Non-Verbal Signs of Attentive or Active Listening

This is a generic list of non-verbal signs of listening, in other words people who are listening are more likely to display at least some of these signs. However these signs may not be appropriate in all situations and across all cultures.

Smile

Small smiles can be used to show that the listener is paying attention to what is being said or as a way of agreeing or being happy about the messages being received. Combined with nods of the head, smiles can be powerful in affirming that messages are being listened to and understood.

Eye Contact

It is normal and usually encouraging for the listener to look at the speaker. Eye contact can however be intimidating, especially for more shy speakers – gauge how much eye contact is appropriate for any given situation. Combine eye contact with smiles and other non-verbal messages to encourage the speaker.

Posture

Posture can tell a lot about the sender and receiver in interpersonal interactions.
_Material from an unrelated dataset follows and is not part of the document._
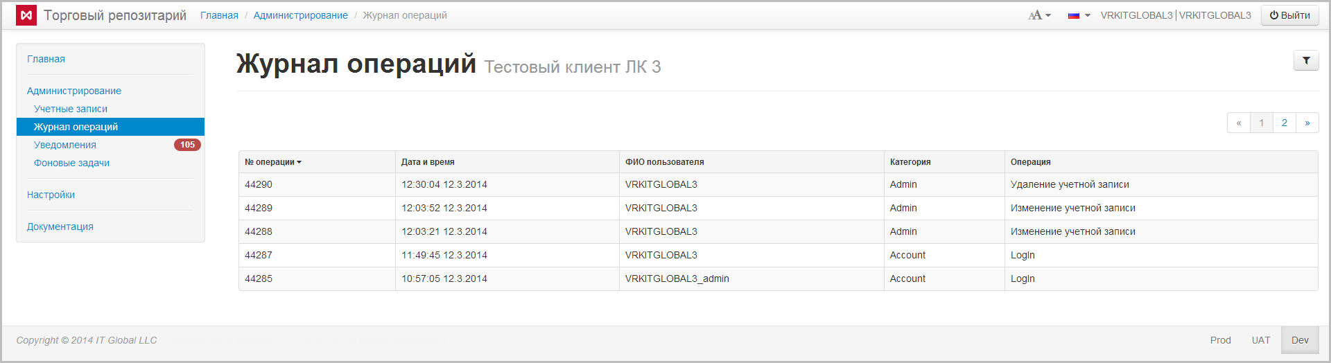 | 2 | По учетным записям | Фильтр используется для отображения операций, которые были выполнены под конкретной учетной записью |

The attentive listener tends to lean slightly forward or sideways whilst sitting. Other signs of active listening may include a slight slant of the head or resting the head on one hand.

Mirroring

Automatic reflection/mirroring of any facial expressions used by the speaker can be a sign of attentive listening. These reflective expressions can help to show sympathy and empathy in more emotional situations. Attempting to consciously mimic facial expressions (i.e. not automatic reflection of expressions) can be a sign of inattention.

Distraction

The active listener will not be distracted and therefore will refrain from fidgeting, looking at a clock or watch, doodling, playing with their hair or picking their fingernails.

See our pages: Non-Verbal Communication, Body Language and Personal Appearance for more information.

Be Aware That:


It is perfectly possible to learn and mimic non-verbal signs of active listening and not actually be listening at all.

It is more difficult to mimic verbal signs of listening and comprehension.